Ideally, just by scanning the abstract, figures, and figure captions, I should have a reasonably high-level view of what the paper is about, what you did, and why I should care. Treat your figures as part of the story you are telling, and not just dense repositories for random data values that you sprinkle in to try to convince reviewers that you did a lot of very smart, science-y work.
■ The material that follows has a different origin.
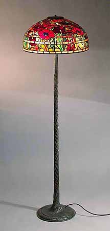 Tiffany lamp shade 18" ORIENTAL POPPY #1598 &  Bronze lamp base TWISTED VINE FLOOR # 645
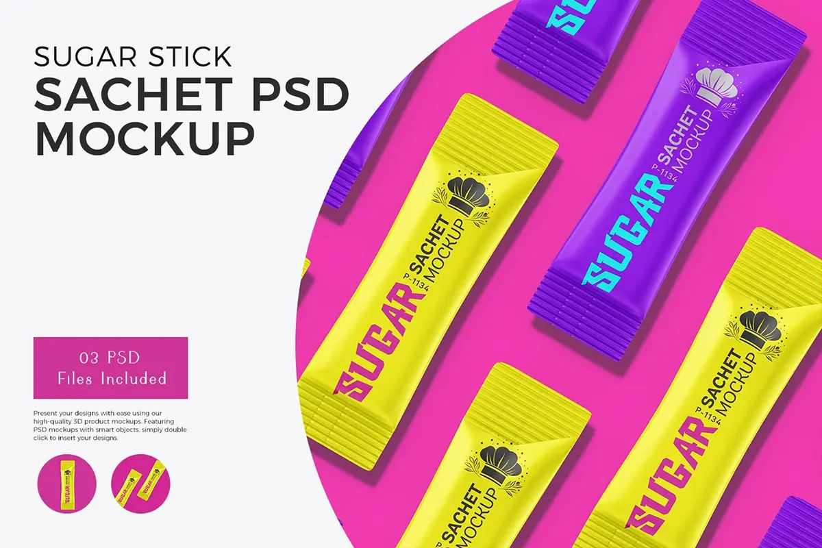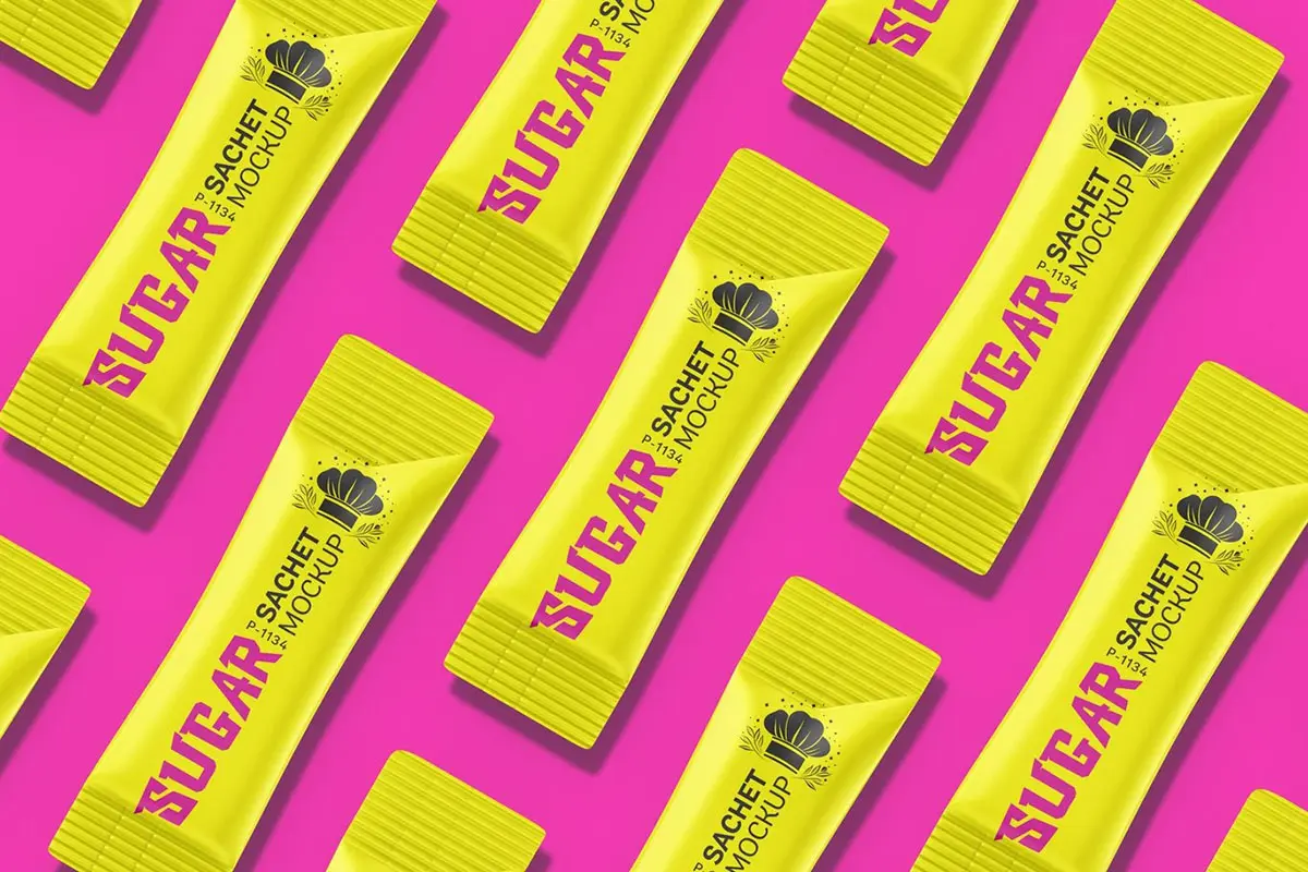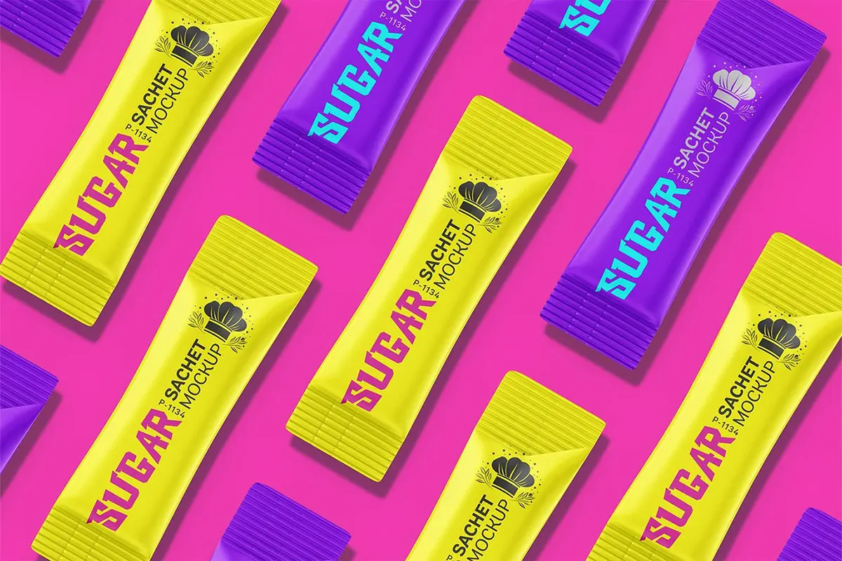塑料粉末调味料小袋模型品牌包装设计贴图Ps样机素材模板 Plastic Stick Sachet Mockup

Bonus words to avoid: “trending towards significance,” “marginally significant,” or “nearly significant.” If you want to use dichotomous statistical tests that’s your decision, but you can’t have your cake and eat it too. I have no idea if a p-value is “trending” anywhere from just one sample point.

Discussion Disasters

Overreach

Building empirical knowledge is incremental, minor, and evolutionary rather than revolutionary. The process of reviewing, accepting, and citing papers is unfortunately heavily skewed towards the flashy and exciting. To produce papers that have both of those contradictory sets of properties, ordinarily very sane and measured people will take advantage of the discussion section to just go totally nuts about what the implications of their work might be. For instance, “while our work focuses on widget distribution, we believe that these principles for distribution apply more broadly. As food scarcity is a distribution problem, our work has concrete implications for solving world hunger.” Or to take a less extreme example, maybe you just add in an untested hypothesis at the end, a la “while we did not explicitly test users preferences for different kinds of widgets, we believe that customers are willing to wait for longer periods of time in order to receive their favorite widgets.” Ideally a discussion section should build on and summarize your results; it shouldn’t be the section where you speculate wildly.

Future Work Wishlists

As with related work, I think there’s a mismatch between what a future work section is supposed to do and its actual utility in the paper. I think that it’s supposed to plant your flag in the area and indicate where you are going to be putting your effort in the near future. In this way it solidifies the contribution of the paper by indicating how your work connects to broader patterns of scholarship and allows people to build on your effort (now that we know this, we can now do that). What I think it ends up being in practice is a way for people to desperately try to wallpaper the holes in the paper in an attempt to insulate it from reviewer criticism. E.g., “a more thorough evaluation of X remains future work” or “we intend on deploying to group Y, by which time we will be able to make stronger claims about Z.” Similar to related works, there is then a strong incentive to promise the moon in future works sections because there’s no accountability to see if you actually end up doing any of the things you promise, and it’s a way to prove to reviewers that you were mindful of potential gaps or weaknesses in the work.

Conclusion Catastrophes

I don’t think I’ve ever written a good conclusion. They are supposed to be largely redundant with the introduction, but concise, and with a punch, and with a call to action of what we should do now that we know the things in the paper. That turns out to be really hard. I usually just restate a sentence or two from the abstract and call it a day. Anyway, people have been wondering about how to write better papers since the dawn of time.

Thanks to Alper Sarikaya for comments on this post.